Услышав странный звук, Брис затаил дыхание. Он опустил глаза и уставился на седу, лежавшего на полу лицом к тронной зале.
Куру Кван повел головой и чуть приподнялся.
Со стороны седы донесся тихий смех.
Дорога. Та самая. Дрожа от радости, демон бросился ко входу в пещеру, вытаскивая из широкого речного потока свою массивную раздувшуюся тушу. Все дальше вглубь, сжимаясь для рывка в туннель под городом, по которому еще текла сладкая от гнили вода из старого болота – сущий нектар для демона.
Вот-вот он сделает последний рывок, освободится от хватки своего хозяина. Который в этот момент занят и ничего не замечает, о чем еще пожалеет.
Сейчас, сейчас.
Демон устремился вперед, заполнил собой пещеру, ввинтился в узкий, извилистый туннель.

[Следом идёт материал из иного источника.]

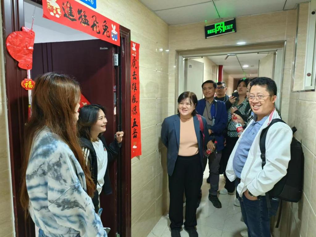 会前,卡妮莎校长一行由校领导陪同参观B校区,了解智慧校园、后勤服务等建设情况,并看望在校泰国留学生。
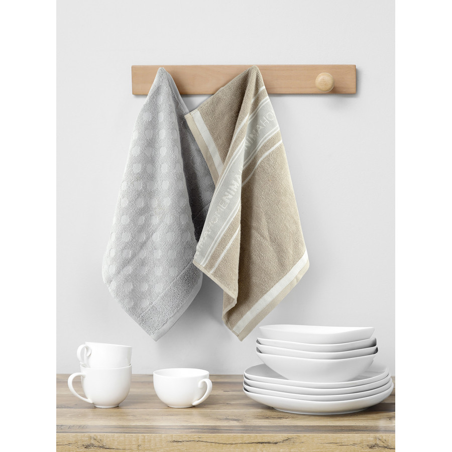 Το σετ πετσέτες κουζίνας NIMA HOME συνδυάζει ποιότητα και διακριτική αισθητική. Περιλαμβάνει δύο βαμβακερές πετσέτες, με ζακαρ σχέδιο σε διαφορετικό ύφος και διαφορετικούς χρωματισμούς. Η μία είναι μπεζ και ξεχωρίζει με τη γκρι φάσα κατά μήκος, που είναι διακοσμημένη με το λογότυπο Nima Home, προσθέτοντας μια σύγχρονη υπογραφή design. Η άλλη πετσέτα του σετ διαθέτει minimal γεωμετρικό ζακάρ μοτίβο, ιδανικό για όσους αγαπούν την καθαρή και μοντέρνα γραμμή στη διακόσμηση. Απορροφητικές, ανθεκτικές και απαλές στην αφή, αποτελούν μια πρακτική αλλά και εκλεπτυσμένη επιλογή για την καθημερινή φροντίδα της κουζίνας.
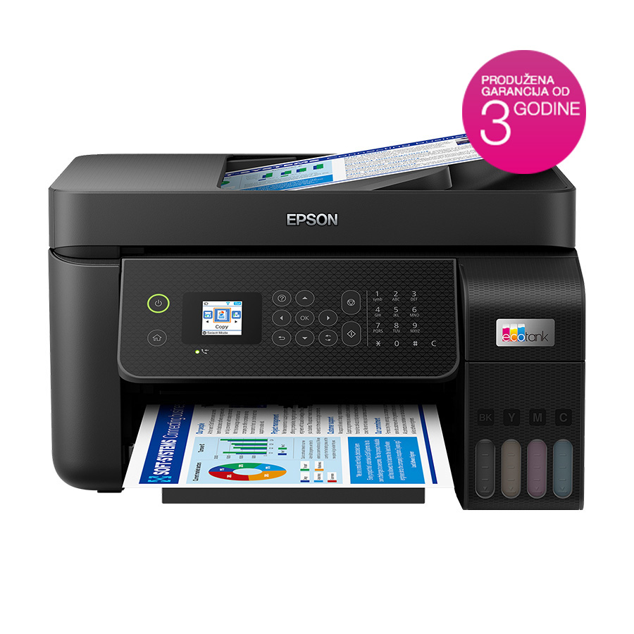 Printer EPSON EcoTank L5290 print/copy/scan/fax.Rezolucija 5760 x1440 dpi. 33str/min Monokrom. 15str/min Colour.USB, WiFi, WiFi Direct.LAN. tinte 103
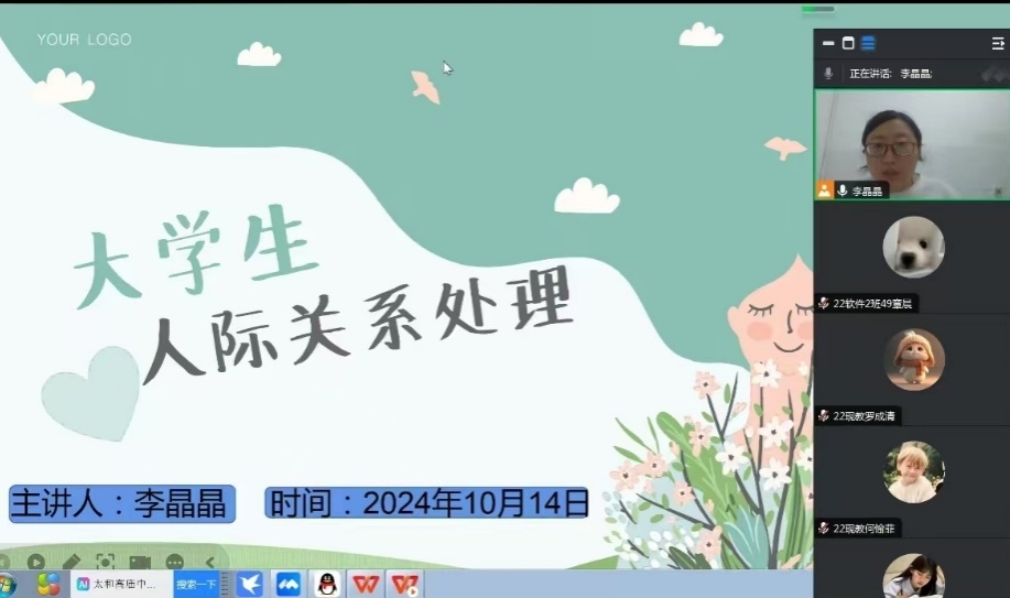 2024年10月14日,数字信息工程学院通过线上和线下相结合的形式为2025届毕业生开展了以“大学生人际交往困难怎么办”为主题的讲座。本次培训由辅导员李晶晶主讲,2025届毕业生全体宿舍长以及其他学生代表共计100余人参加。

К сердцу. Чудесному, славному сердцу всемогущества.
Демона жгло двойное пламя радости и жажды. Так близко…
Протиснуться, – путь становился все у́же, – проползти под огромным гнетом камней и почвы, еще чуть-чуть…

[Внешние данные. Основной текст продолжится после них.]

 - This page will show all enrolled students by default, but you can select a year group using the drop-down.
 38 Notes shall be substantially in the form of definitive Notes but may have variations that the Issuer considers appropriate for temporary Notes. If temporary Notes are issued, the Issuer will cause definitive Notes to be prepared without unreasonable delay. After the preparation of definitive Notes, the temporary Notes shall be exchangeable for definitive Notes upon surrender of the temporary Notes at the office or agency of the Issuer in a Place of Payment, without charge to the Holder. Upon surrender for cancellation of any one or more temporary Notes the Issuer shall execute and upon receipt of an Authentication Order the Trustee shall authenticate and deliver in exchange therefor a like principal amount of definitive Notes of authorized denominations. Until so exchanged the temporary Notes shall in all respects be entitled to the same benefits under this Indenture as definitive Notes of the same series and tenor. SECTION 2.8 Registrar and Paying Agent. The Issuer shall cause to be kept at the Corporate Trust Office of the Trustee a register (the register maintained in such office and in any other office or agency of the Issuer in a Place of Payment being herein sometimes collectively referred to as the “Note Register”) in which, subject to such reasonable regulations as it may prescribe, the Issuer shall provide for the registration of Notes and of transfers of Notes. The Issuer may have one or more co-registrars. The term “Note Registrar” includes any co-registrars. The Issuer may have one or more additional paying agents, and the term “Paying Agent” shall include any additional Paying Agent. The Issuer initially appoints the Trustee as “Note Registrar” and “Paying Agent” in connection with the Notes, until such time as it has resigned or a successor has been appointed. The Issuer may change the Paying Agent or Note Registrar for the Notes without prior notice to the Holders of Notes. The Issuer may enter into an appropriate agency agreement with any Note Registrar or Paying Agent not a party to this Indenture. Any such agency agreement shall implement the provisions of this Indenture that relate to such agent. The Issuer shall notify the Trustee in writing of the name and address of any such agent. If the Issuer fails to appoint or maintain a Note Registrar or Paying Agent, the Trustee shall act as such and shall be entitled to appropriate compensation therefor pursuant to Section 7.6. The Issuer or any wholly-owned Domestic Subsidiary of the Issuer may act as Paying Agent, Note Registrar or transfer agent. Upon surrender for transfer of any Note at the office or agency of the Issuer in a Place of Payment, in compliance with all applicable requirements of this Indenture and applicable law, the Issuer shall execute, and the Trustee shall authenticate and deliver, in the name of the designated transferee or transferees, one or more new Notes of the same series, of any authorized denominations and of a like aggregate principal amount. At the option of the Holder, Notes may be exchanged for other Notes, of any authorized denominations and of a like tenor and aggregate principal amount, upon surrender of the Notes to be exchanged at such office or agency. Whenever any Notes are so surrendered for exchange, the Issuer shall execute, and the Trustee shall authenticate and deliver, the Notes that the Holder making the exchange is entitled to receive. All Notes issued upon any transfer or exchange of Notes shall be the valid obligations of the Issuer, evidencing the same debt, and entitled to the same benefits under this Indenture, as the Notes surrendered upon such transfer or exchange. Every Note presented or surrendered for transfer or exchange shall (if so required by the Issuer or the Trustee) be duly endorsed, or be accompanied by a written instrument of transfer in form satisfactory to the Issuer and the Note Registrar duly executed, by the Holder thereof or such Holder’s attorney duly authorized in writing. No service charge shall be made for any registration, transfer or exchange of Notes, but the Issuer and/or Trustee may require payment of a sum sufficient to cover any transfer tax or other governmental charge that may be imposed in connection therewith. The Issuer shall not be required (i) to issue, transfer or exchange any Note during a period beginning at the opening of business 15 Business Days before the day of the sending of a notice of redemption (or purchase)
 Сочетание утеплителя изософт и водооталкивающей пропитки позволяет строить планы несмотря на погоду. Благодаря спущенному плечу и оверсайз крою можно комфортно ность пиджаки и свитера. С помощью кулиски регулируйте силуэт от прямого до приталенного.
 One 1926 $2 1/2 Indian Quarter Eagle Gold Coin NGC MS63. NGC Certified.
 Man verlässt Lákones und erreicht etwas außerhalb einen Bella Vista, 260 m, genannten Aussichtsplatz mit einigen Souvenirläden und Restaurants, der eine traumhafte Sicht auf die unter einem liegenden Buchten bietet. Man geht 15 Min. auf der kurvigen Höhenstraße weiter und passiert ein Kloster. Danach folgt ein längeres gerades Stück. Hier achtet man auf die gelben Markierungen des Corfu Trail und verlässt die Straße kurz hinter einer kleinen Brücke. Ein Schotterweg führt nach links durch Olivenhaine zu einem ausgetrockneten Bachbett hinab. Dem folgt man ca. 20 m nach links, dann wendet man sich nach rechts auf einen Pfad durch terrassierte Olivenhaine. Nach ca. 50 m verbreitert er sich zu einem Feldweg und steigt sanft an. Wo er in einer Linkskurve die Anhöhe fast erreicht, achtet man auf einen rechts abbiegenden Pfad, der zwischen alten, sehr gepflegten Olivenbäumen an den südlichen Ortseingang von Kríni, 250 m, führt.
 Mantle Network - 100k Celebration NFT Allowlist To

Места вдруг стало больше – и в ширину, и в высоту. Какое блаженство! Приветливая теплая вода.
Вот оно, сердце, гигантская каверна под озером, душа города, власть…
Брис расслышал, как Куру Кван сказал:
– Пора, дружище Бугг.
Не добежав тридцать шагов до заросшего двора башни Азатов, Бугг остановился как вкопанный и с улыбкой склонил голову набок.
Стальные Прутья замедлил бег и обернулся.
– В чем дело?
– Найди девочку. Я присоединюсь к тебе позже.
– Бугг!
– Я быстро, Поклявшийся. Мне надо кое-что сделать.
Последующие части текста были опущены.